Theresa May’s promise to bring it back isn’t any kind of populist gesture; it’s certainly not about the rural Tory base, or the old ways of farm and field. Fox-hunters are just as likely to be from the city as they are to be from the countryside; what unites them is their class. If May repeals the hunting ban, it won’t be a gesture or a ploy for votes, but the full thundering reassertion of ruling-class power, screaming its ancient bloody hatred against the earth.
It’s easy – too easy – to condemn fox-hunting because it’s cruel. You could point out that the foxes are killed horribly, torn apart by dogs, and that the dogs themselves lead short and brutal lives; you could observe that rural foxes actually pose very little threat to livestock, or note that there’s absolutely no evidence to suggest that hunting actually keeps fox numbers down.
It’s not enough.
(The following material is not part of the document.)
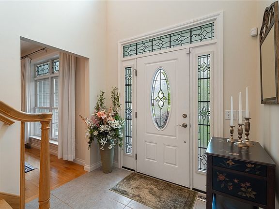 Welcome to 4 Ayla Way—a meticulously maintained, owner-built home blending classic comfort with custom craftsmanship. Step into a sun-splashed entry with a vaulted ceiling, custom picture window, and leaded-glass details. A serene sitting/music room sits opposite a bright formal dining room that transitions seamlessly to the sunny eat-in kitchen. Maple cabinetry, expansive solid-surface counters, tile flooring, and a shapely peninsula anchor the space, while the breakfast nook overlooks gardens and a variety of mature plantings. Unwind in the fireside family room, where adjacent sliders spill onto a private deck embraced by nature. A dedicated main-level laundry room, a two-stall garage with a pegboard wall for tool storage, and a guest half bath add everyday convenience.
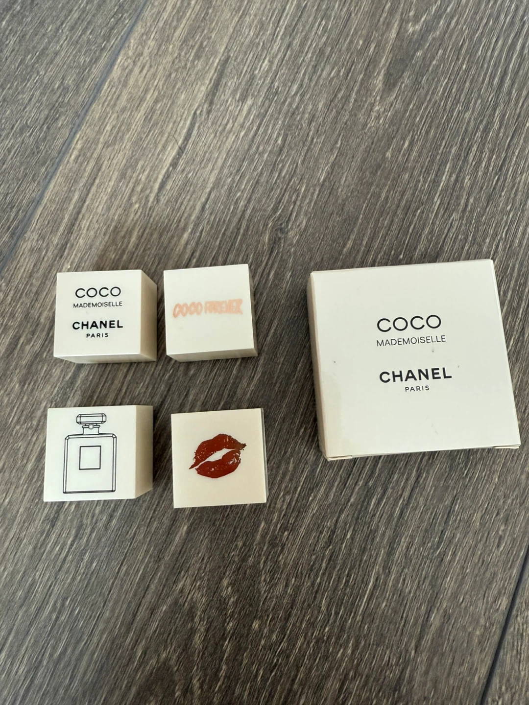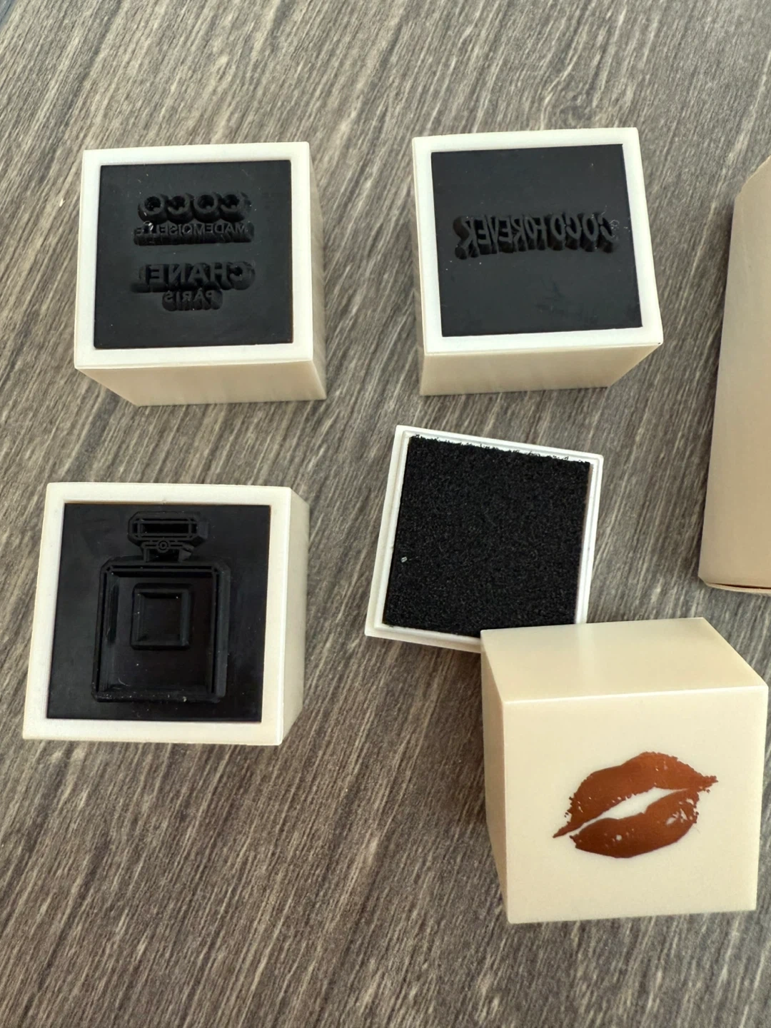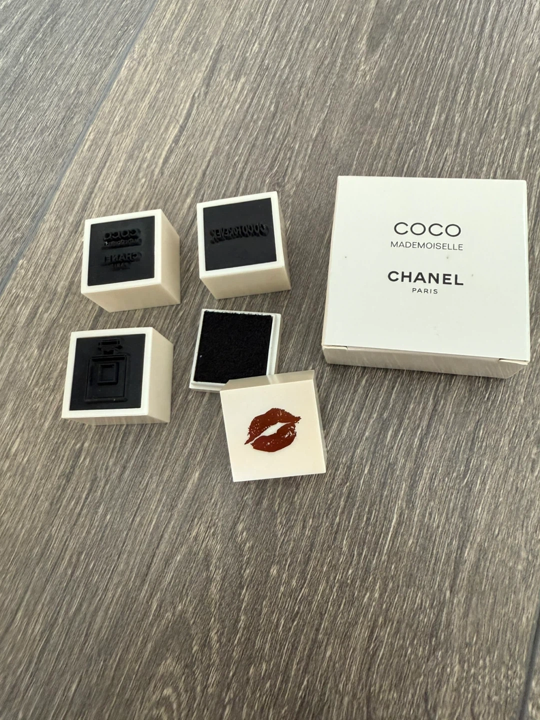 92Here's a cute Chanel Coco Mademoiselle stamp set! It includes multiple stamps with different designs. Perfect for adding a touch of luxury to your crafts or correspondence

To understand fox-hunting, you first have to realise that it’s not really about killing foxes at all.
If you were a blue-blooded country gent, heir to ten centuries of good inbreeding and polite barbarism, and you wanted to kill – to feel the blood of a living thing pulse warm and frantic through your fingers, to look into the fading eyes of a creature and know that its wordless depths of unknowable awareness are closing up forever, because you willed it – you already have that choice.
Long after the 2005 ban on fox-hunting, it was still perfectly legal for any blathering aristocrat to kill the creatures with guns or traps, or to unleash his weaponry against deer, or pheasants, or hares, or basically any of the poor harried creatures that still sulk the fractured and dried-up remnants of a countryside slowly wilting into motorway purlieu.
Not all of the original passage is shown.